The primary focus of this research was on achieving a high degree of security and data integrity for sensitive medical information transmitted from ESP32.

There is significant clinical risks posed by data arriving too late, especially in scenarios involving critical patient monitoring (e.g., cardiac events, continuous glucose monitoring). While the time taken for data to be encrypted and decrypted is a factor, our primary performance metrics were centered on the computational overhead of the cipher and the transmission latency inherent to the MQTT protocol itself, as these were the core components of our proposed solution. We conducted few initial tests to understand this latency, as shown in the Table 17 below, but determined that a detailed analysis of hard real-time deadlines and their clinical implications was beyond the scope of this specific study.
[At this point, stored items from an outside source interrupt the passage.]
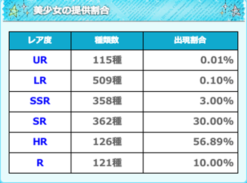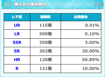 まぁでも、提供割合を見ると、確かにSRとHRで約87%の出現割合を占めているので、納得といえば納得ですね。
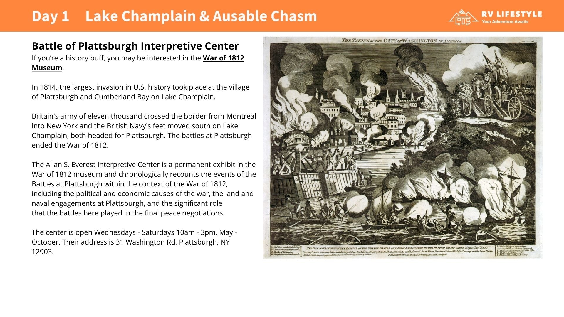 Ausable Chasm and the Lake Champlain area, campgrounds, scenic, and historic sites
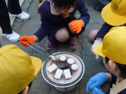 1月20日、3年生のみんなが、昔の暮らしの学習で、七輪を使ってお餅を焼いて食べました。炭をおこしてお餅を焼きながら、香ばしい香りと焼ける音を感じていました。昔の人は、五感を通して味わっていたんだなあと改めて思いました。
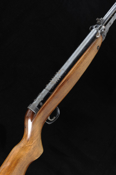WEBLEY A .22 MARK 3 UNDERLEVER AIR RIFLE, NO. 34083 18 1/2-inch barrel with adjustable rear sight, cylinder with loading tap, screw missing, the half length stock with pistol grip, 14-inch pull, cracked at the hand |
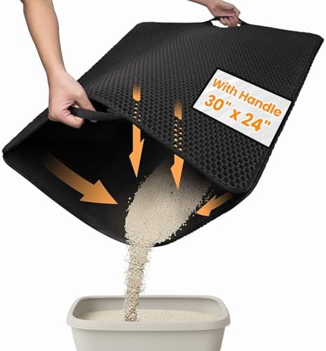 Giant Size Stops Litter Scatter: This XXLcat litter mat’s 30″x24″ surface holds two jumbo boxes (or one mega box + play space). 360° wide coverage + raised edges contain even the wildest digging – thekitty litter matmulti-cat homes (2-4 cats) trust for spotless floors.

Table 17 Observations on Latency.

This data demonstrates that while our model adds a small, predictable amount of latency, the most significant variable is the network transmission time, which is heavily influenced by the underlying communication infrastructure.

Conclusion

This paper presents a remote healthcare communication system between patients (MQTT Publishers) and medical specialists (Subscribers). The proposed scheme used the lightweight communication protocol MQTT to establish the connection between publisher and subscriber. MQTTX acts as an MQTT broker to manage all communications remotely with various quality of services. The scheme also handles multiple topics at the same time and gives quick responses with minimal delay and pack loss based on the QOS levels. A prototype of the suggested system was created and implemented using ESP32 and put into use, and the round-trip time and transaction packet count of the MQTT-based system were evaluated for performance. MQTT protocol yielded good results in terms of time delay, number of lost messages, and amount of bytes used in messages from the practical implementation of these protocols. The described system also represents the first combination of the information-theoretically secure one-time pad ciphering and lightweight MQTT protocols to provide coordinated IoT-based remote diagnosis with low transmission latency, and confidentiality of medical data. As a result, uses less energy and requires less bandwidth. Accordingly, the MQTT message protocol is more appropriate for the design and deployment of e-health platforms over IoT, based on these real-world and simulation results.